Don't like that comic book style, though it's maybe suitable for audio drama.


----------



## Worldkiller (Jun 16, 2010)

Hmm... this looks familiar...

http://www.blacklibrary.com/Warhammer-40000/Space-Marines/Sons-of-Dorn.html

Oh yeah...


----------



## bobss (May 18, 2008)

Worldkiller said:


> Hmm... this looks familiar...
> 
> http://www.blacklibrary.com/Warhammer-40000/Space-Marines/Sons-of-Dorn.html
> 
> Oh yeah...


Just clicked your link and saw the quote:


> "A talented storyteller.”— Michael Moorcock


If you've read _Sons of Dorn _you'll know what I mean, I really don't get the logic of that quote.
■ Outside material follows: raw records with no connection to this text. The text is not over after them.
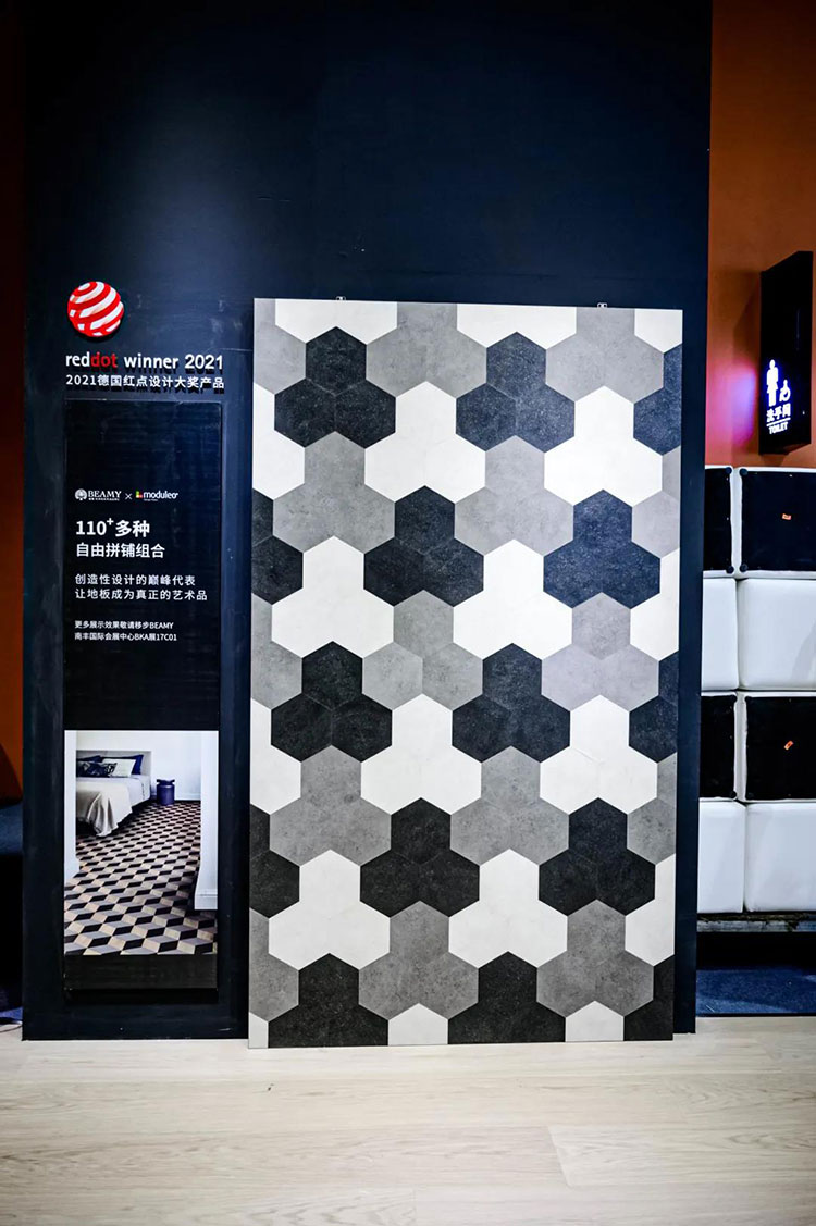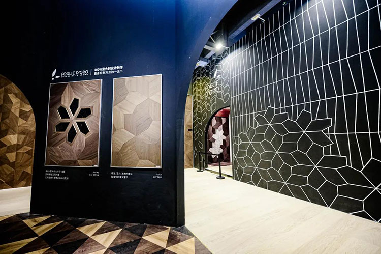 展廳論壇區(qū)造型各異的拱形門首先映入眼簾,進(jìn)入后被大面積的高級黑所圍繞;地面鋪設(shè)鋪設(shè)獲得了2021紅點(diǎn)設(shè)計大獎的必美莫迪里奧Moods系列地板,極具濃厚的藝術(shù)氣息;意大利菲列德羅的頂級原創(chuàng)匠作以花朵、幾何、魚骨等賞心悅目的拼接方式驚艷觀眾眼球。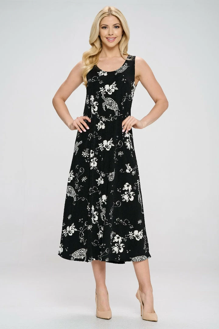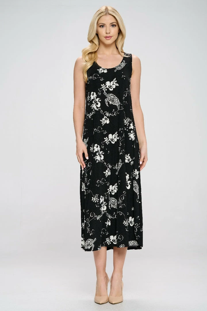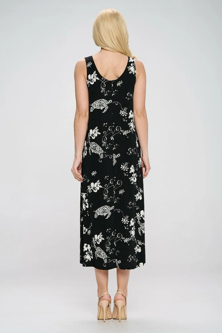 - Sleeveless and soft round-neckline long dress with a variety of prints available and 51 inches in length.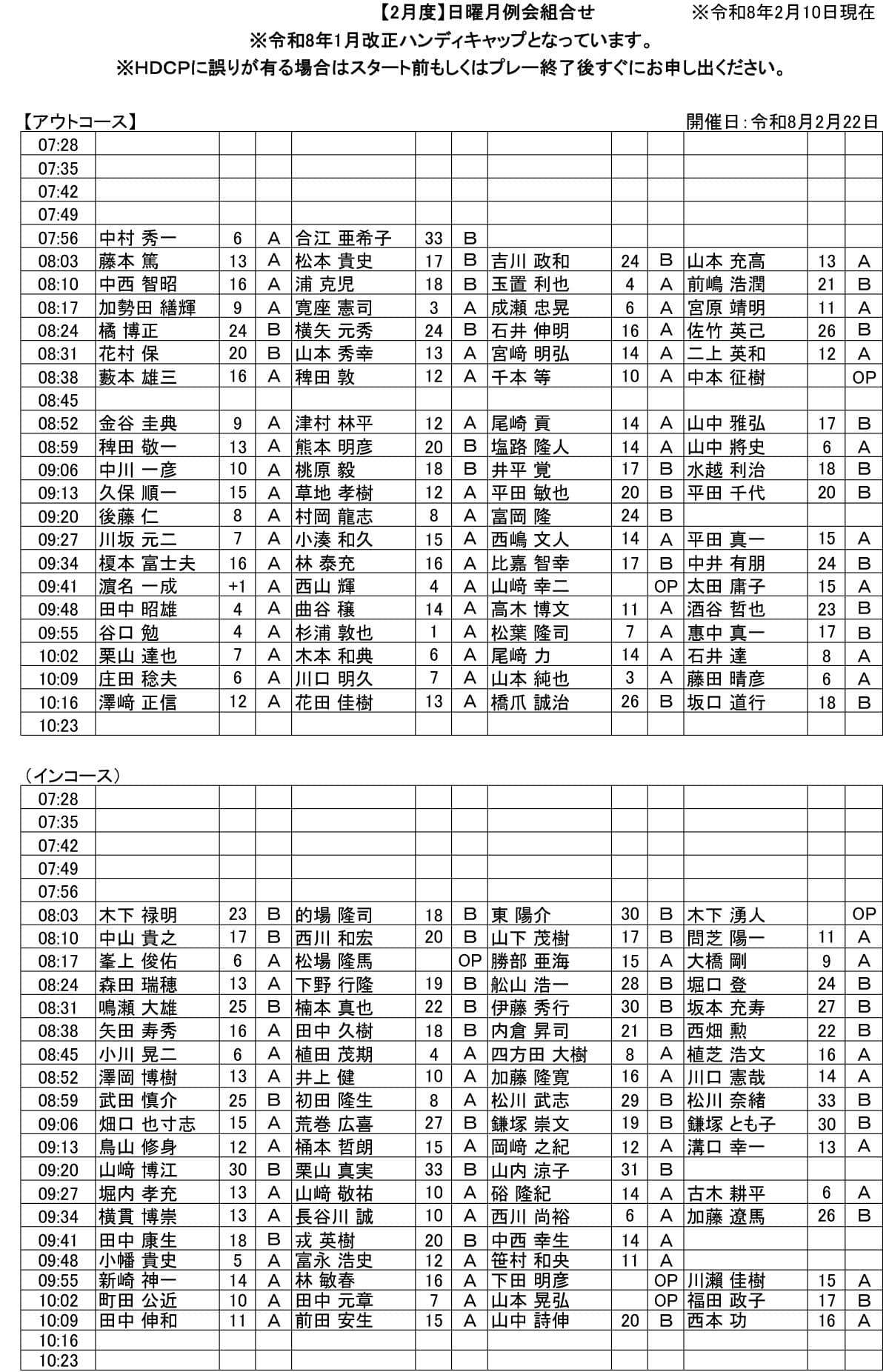 日曜 月例杯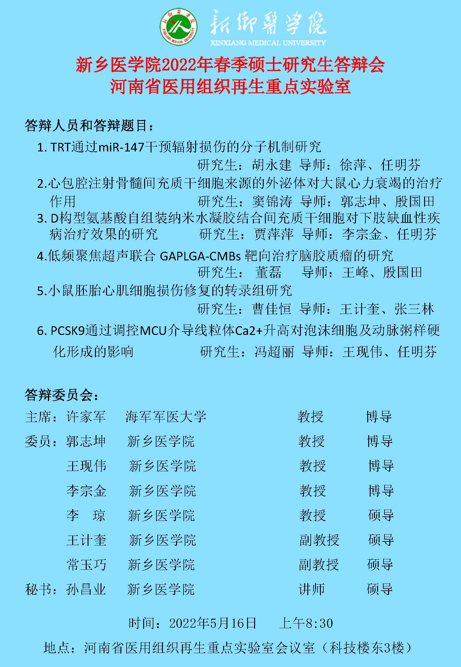2022上半年华亿在线手机版(大中国区)河南省医用组织再生重点实验室硕士学位论文答辩会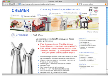 Realizado para una empresa pequeña especializada en un producto muy específico (las cremeras, o dispensadores de cremas), el sitio apunta a ser una experiencia de venta, y plantea rápidamente los principales diferenciales del producto, con una estética simple y suelta.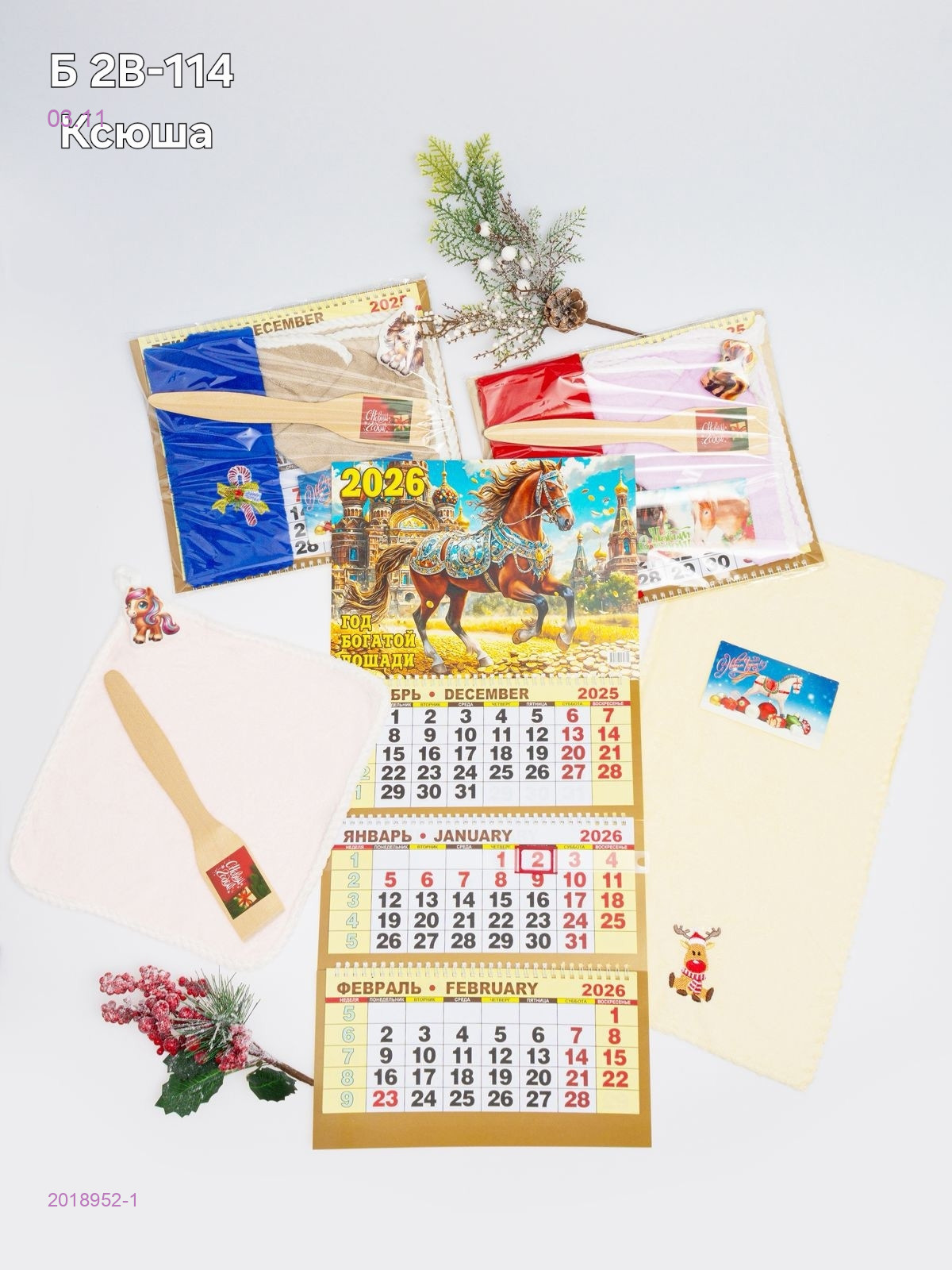 Цвет: Без Выбора ЦветаВнимание НОВИНКАНовогодний Подарочный набор 5в1 хит 2026Набор состоит из 5 предметов1 шт календарь настенный размер 65Х351 шт полотенце 25Х501шт салфетка с лошадкой 30Х30 1шт деревянная лопата 1шт открытка с новым годомЦена за наборОтличный вариант для подарка РАСЦВЕТКИ БЕЗ ВЫБОРА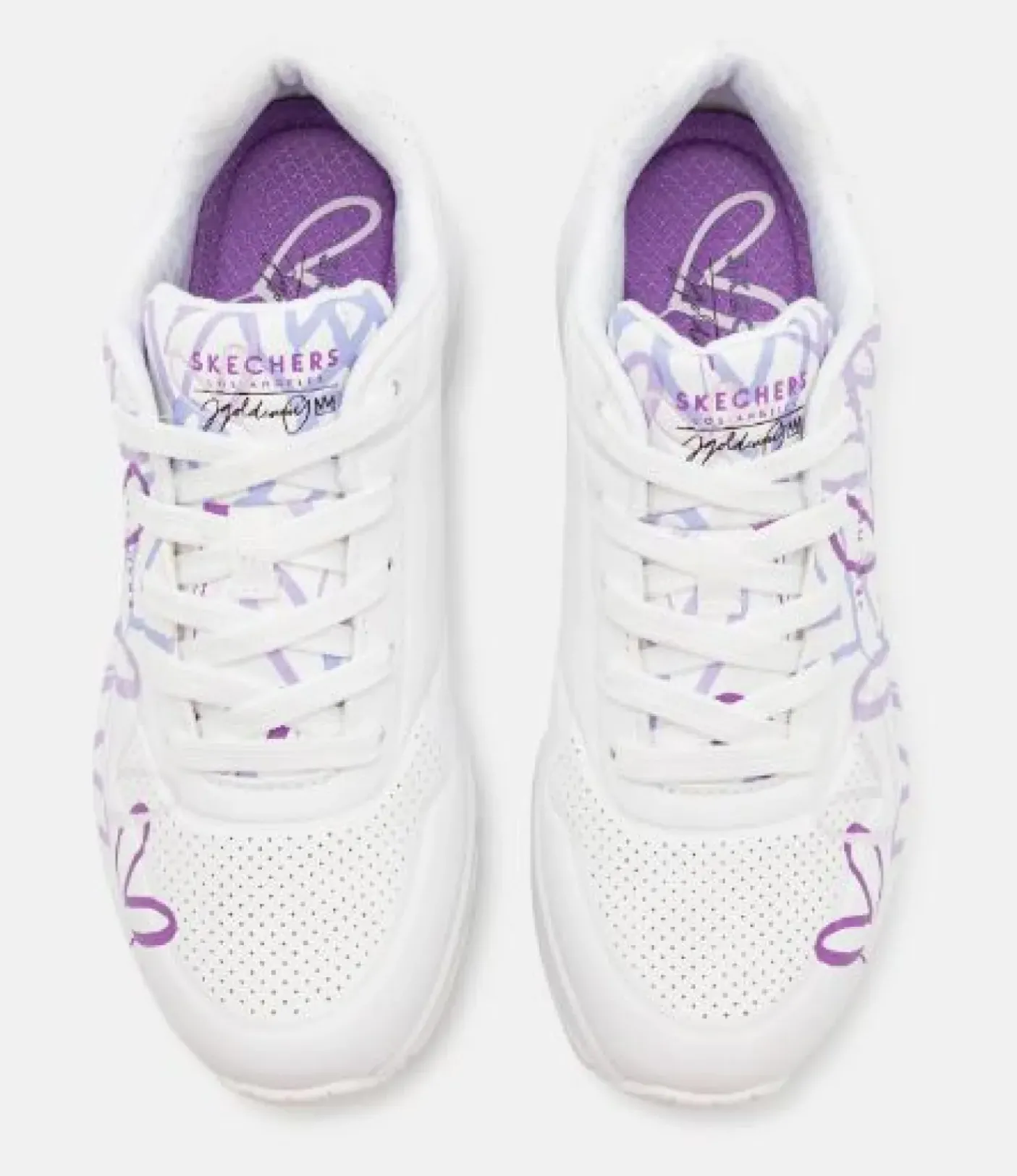 Sneakers ultra leggera in durabuck tecnico traforata decorazione cuori lavanda e porpora, sottopiede in memory foam e air cooled. Intersuola ammortizzata ad aria con tecnologia visibile Skech-Air®. Fondo in gomma 3 cm e chiusura con lacci.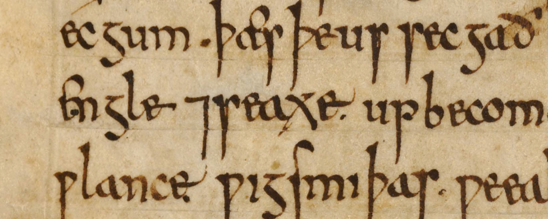 De afbeelding bovenaan toont een uitvergroting van Engle ⁊ Seaxe in een van de handschriften van de kroniek. Het teken is een zogenaamd Tironisch et, dat net als het teken & voor ‘en’ staat.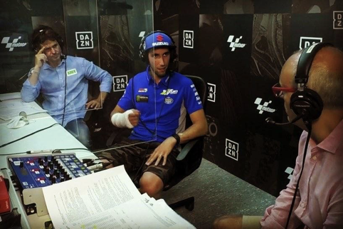 Alex Rins(中)于賽前不慎摔傷右手,無(wú)法參加本站賽事,只能到主播室客串講評(píng)。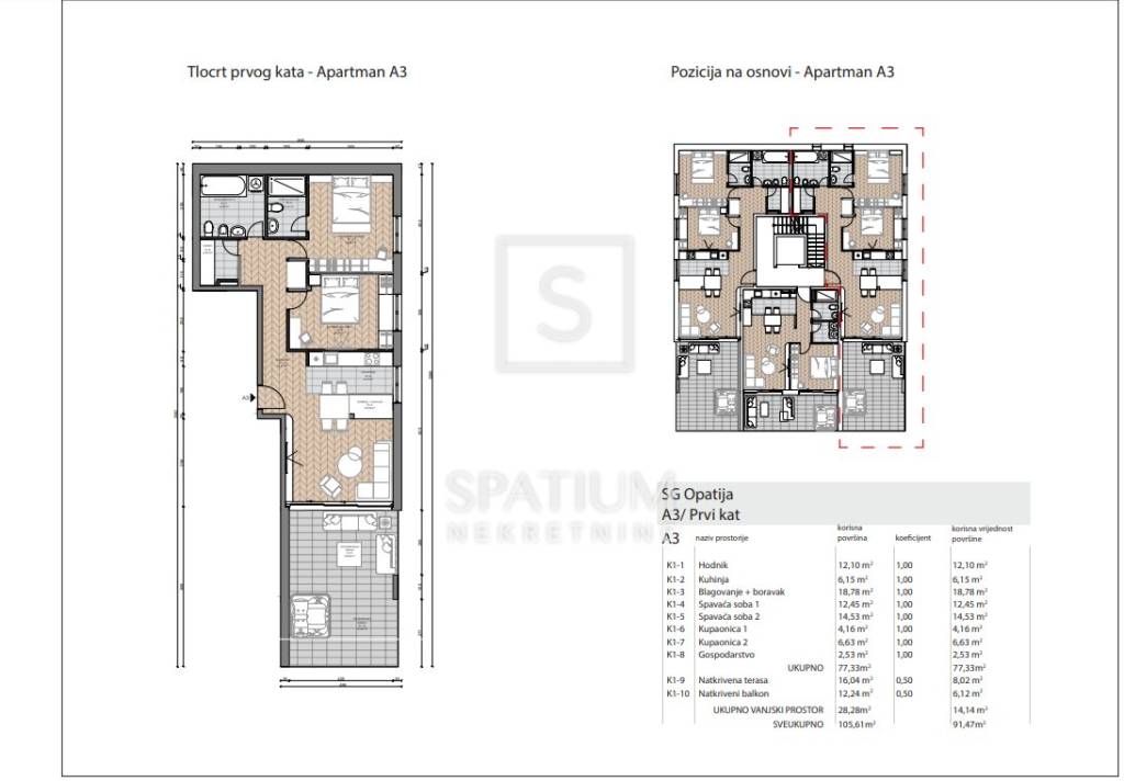 OPATIJA, wir bieten eine luxuriöse Wohnung in einem neuen Gebäude im ersten Stock in toller Lage an. Es besteht aus einem Flur, einem Wohnzimmer mit Küche und Esszimmer, zwei Schlafzimmern und zwei Badezimmern mit einer Gesamtfläche von 106,93 m2. Die Wohnung verfügt über eine überdachte Terrasse von 8,02 m2 und einen Balkon von 6,12 m2. Es wird mit erstklassigen Fußböden, Sanitärartikeln, Aluminiumschreinereien und Türen ausgestattet. Darüber hinaus wird das Gebäude über eine Tiefgarage und einen Aufzug verfügen. Einzugsfrist ist: 6/2025. Opatija, eine wunderschöne Küstenstadt an der Adria und berühmter Kurort aus dem 19. Jahrhundert, ist ein beliebtes Reiseziel für Touristen aus aller Welt. Die Stadt ist von einzigartigen Naturschönheiten umgeben. Es liegt unterhalb des Učka-Gebirges, das ein beliebtes Ziel für Bergsteiger und Wanderer ist. Es liegt am Übergang zwischen der grünen Region Istriens und der Küste und bildet ein perfektes Gleichgewicht der Landschaft. Die Stadt bietet einen wunderschönen Blick auf das Meer und die nahegelegenen Inseln Krk und Cres. Es ist umgeben von charmanten historischen Städten mit engen Gassen und einer reichen Geschichte. Opatija ist mit einer Vielzahl ungewöhnlicher Sehenswürdigkeiten, zahlreichen Stränden und klarem Meer geschmückt und die Straßen der Stadt sind übersät mit Häusern interessanter Architektur und Villen aus der Habsburgerzeit. Für alle weiteren Informationen können Sie uns gerne kontaktieren. Spatium nekretnine +385 51 272 903 +385 95/812-6476 info@spatium.hr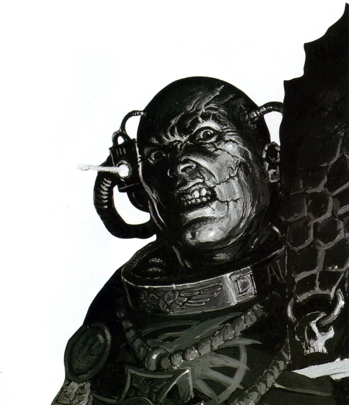 - А, Раскиль, вот и вы… — начала фигура, замершая при виде космодесантников. Когда человек повернулся к ним, пламя осветило его лицо под тяжёлым капюшоном мантии. Похожая на пергамент кожа свисала складками со щёк, а спина словно была вечно согбена. Из правой глазницы торчал странный оптический прибор с несколькими разнокалиберными линзами, то выезжавшими вперёд, то отъезжавшими назад, пока он фокусировал взгляд. Носа у него также не было, из середины бесформенного лица к маленькому цилиндру на поясе тянулся воздушный шланг.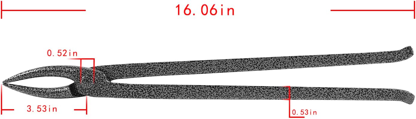 Newly Upgraded Professional Blacksmith TongsMaterial upgradeHigh Quality 5160 SteelLighter and stronger than other tongsMore comfortable grip and less fatigue on your hand.Cleaned in a vibratory tumblerFinished with a dry linseed oil/turpentine mix, rust inhibitor.Not a greasy or oily finishTongs DimensionsThe tongs are approximately 16 inches long.The jaws are approximately 3-1/2" long, 3-9/10" wide.The reins are approximately 12-1/2" long.Simple OperationPerfect for beginners as well as professional blacksmiths and forging enthusiasts.Comfortable grip, not a greasy or oily finishDouble J-shaped reins ends for no slippageNot easy to wear and maintain long-term clamping capacity and clamping angle.This type of blacksmith scrolling tong allows for maximum control and leverage while bending yellow hot metal.The unique curved jaw design allows you to easily grip various thicknesses of stock and don't need to drastically change the gripping width of the tong handles.It can fully articulate and supply exceptional gripping strength on the work-piece When bending the forged part.This single pair of scroll tongs much more versatile than standard; straight-jaw scroll tongs.DIY various forged items, enjoy the fun of blacksmithingNote: When cooling this scroll tongs, you need to rapidly dunk the tongs in water, in and out quickly, allowing the tongs to cool slowly. This can effectively prevent the material from becoming hard and brittle, maintaining a long service life of the tongs.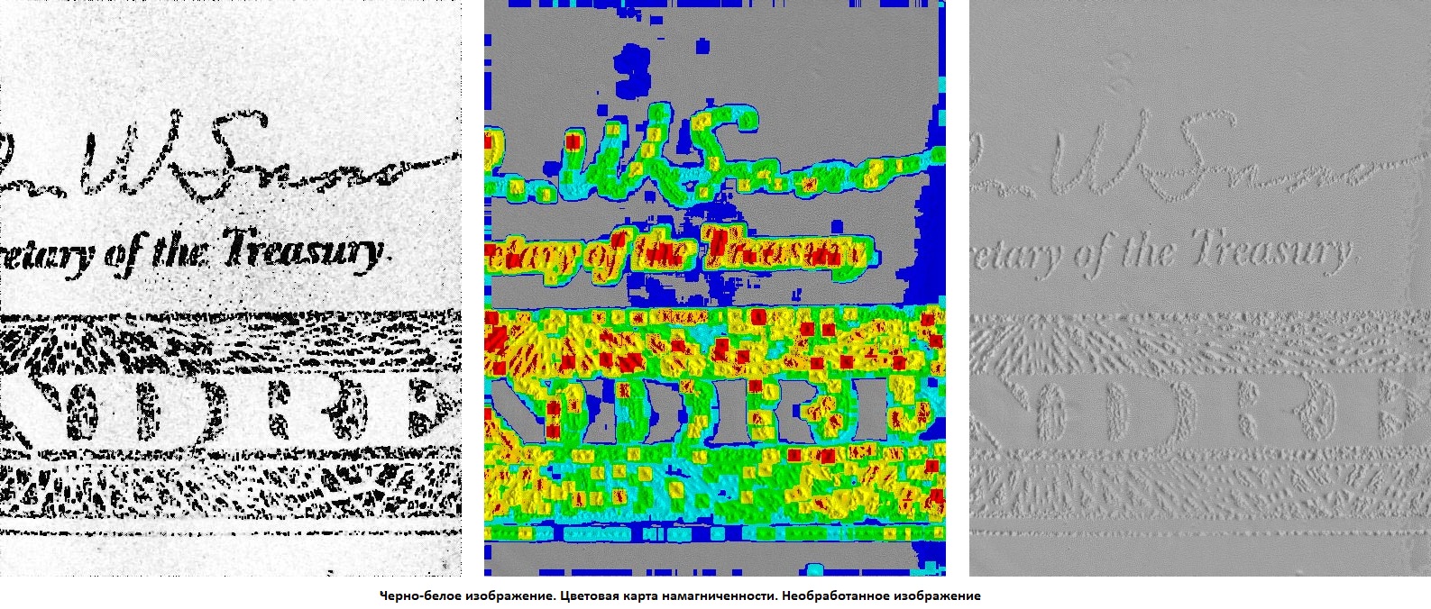 - Исследование изображений и элементов банкнот и проездных документов, содержащих магнитную краску, в режиме реального времени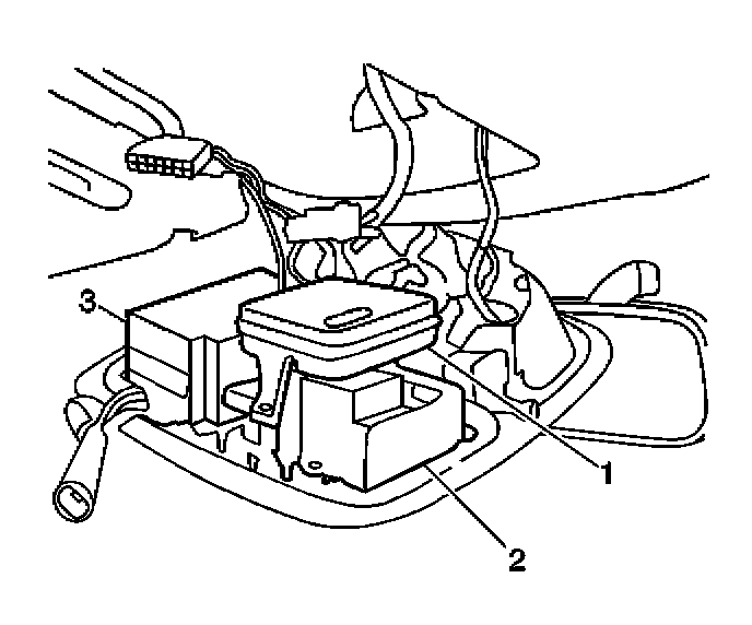 4. Remove the fasteners from the HUD control switch (1) or the image adjuster switch at the overhead console.

I'm pretty sure what was planned to be a trilogy flopped and got axed by Black Library.


----------



## Words_of_Truth (Sep 20, 2007)

Rambo's Dad!


----------



## Cowlicker16 (Dec 7, 2010)

I never imagined a man of stealth in the Ultramarines to wear a cape, could just imagine that flapping in the wind so people see him or rustling the leaves so they hear him coming, but I do kinda like it, nothing to really complain about for me


----------



## Bane_of_Kings (Oct 28, 2009)

bobss said:


> Just clicked your link and saw the quote:
> 
> If you've read _Sons of Dorn _you'll know what I mean, I really don't get the logic of that quote. I'm pretty sure what was planned to be a trilogy flopped and got axed by Black Library.


Read _Book of Secrets_, a non-Black Library work, and that is Angry Robot, also by the same author. I enjoyed it a lot, although I don't know if that's the one that Moorcock's referring to.

EDIT: I have a review coming up for it soon, as a matter of fact.


----------



## Chaosveteran (Aug 29, 2010)

cover looks very bland...like poor cgi


----------



## bobss (May 18, 2008)

Bane_of_Kings said:


> Read _Book of Secrets_, a non-Black Library work, and that is Angry Robot, also by the same author. I enjoyed it a lot, although I don't know if that's the one that Moorcock's referring to.
> 
> EDIT: I have a review coming up for it soon, as a matter of fact.


So... have you read _Sons of Dorn_ then? 'Cause this just seems like a case of a talented author applied to a system he can't grasp.


----------